Not changing your socks after humping all day through the jungle and streams! Always bring dry socks.

Seriously though, modern foam and rubber surrounds have coatings that help prevent or at least delay this break down quite a bit.


----------



## tonyvdb (Sep 5, 2007)

I dont understand why speaker manufacturers would even make a speaker using foam surrounds I've read that it breaks down so fast in some climates that it needs replacement within as little as 5 years. Now I'm hearing reports that the rubber surround will also break down in some instances.


----------



## sparky77 (Feb 22, 2008)

From the little bit of research I've done, it seems to be mostly due to exposure to sunlight, high temperatures, and ozone.


----------



## lcaillo (May 2, 2006)

My understanding is that it is due to a fungus. 

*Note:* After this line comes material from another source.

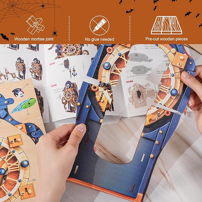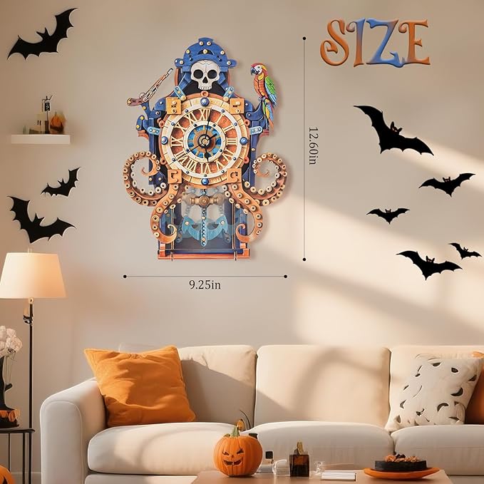 - 【Immersive Pirate Adventure】Build a hauntingly beautiful pirate clock with 38 precision-cut wooden pieces. Featuring a skull with hollow eyes, parrot-perched arm, and coiled tentacles – each snap-fit assembly (no glue needed) unveils a tale of high seas and hidden treasures. Includes step-by-step illustrated guide
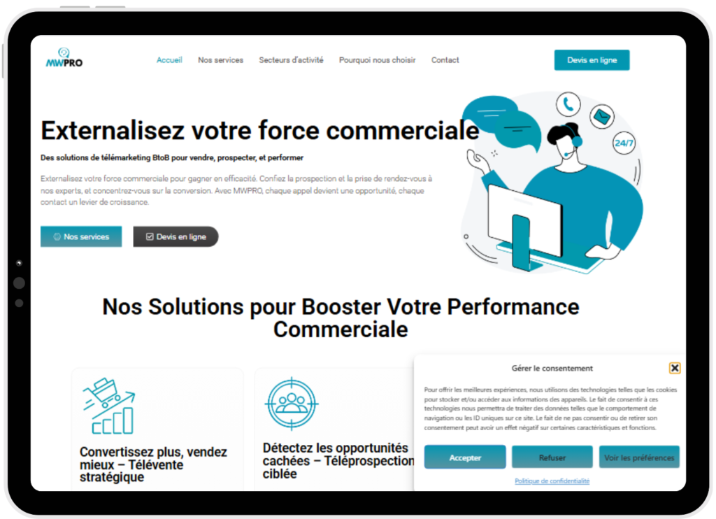 Le site MWPRO offre aujourd’hui une expérience utilisateur fluide, moderne et professionnelle. Grâce à un design sur mesure et une structure claire, il permet à l’entreprise de présenter efficacement ses services. L’ensemble du projet a été réalisé sans thème payant, démontrant une maîtrise des outils WordPress, Elementor et Canva, ainsi qu’une capacité à produire un site complet, cohérent et performant.

I suspect that the largest reason for using foam has been to lower costs. It may be lighter as well, and some foam surrounds seem to be more compliant than rubber.


----------



## robbo266317 (Sep 22, 2008)

The ones I've seen looked like they were shredded by very sharp claws. :doh:
I have since invested in rubber surround drivers and steel speaker grills.


----------



## Bob_99 (May 8, 2006)

Assuming the speaker is not in a harsh environment (overly humid or lots of smokers), foams and rubbers will age like everything else and dependent on the chemical process, some will do so sooner than later. Even manufacturers that are careful will occasionally have a bad batch (probably the Friday afternoon syndrome).

Bob


----------



## Ricci (May 23, 2007)

In some cases the drivers being asked to produce particularily bad music may cause it.:R


----------



## Bob_99 (May 8, 2006)

Without doubt ...

:laugh:


----------



## evac31111 (Apr 4, 2009)

I'm glad this is not a problem for most of us-this hobby is expensive enough as it is!


----------



## the_rookie (Sep 30, 2008)

I third the bad music one. 

but on a serious not, i think some reasons for it is, isnt foam a gasoline based product? So doesnt it dry out more over time. Next, we have the reason of things just wear down over time. Third, when its exposed to constand motion, although not always extreme or continous, it does move. So we have it slowly drying, getting time wear, and expansion and contration wear, I think all of it combined it just causes it to lose its integrity, and cracks and falls apart, becoming brittle.


----------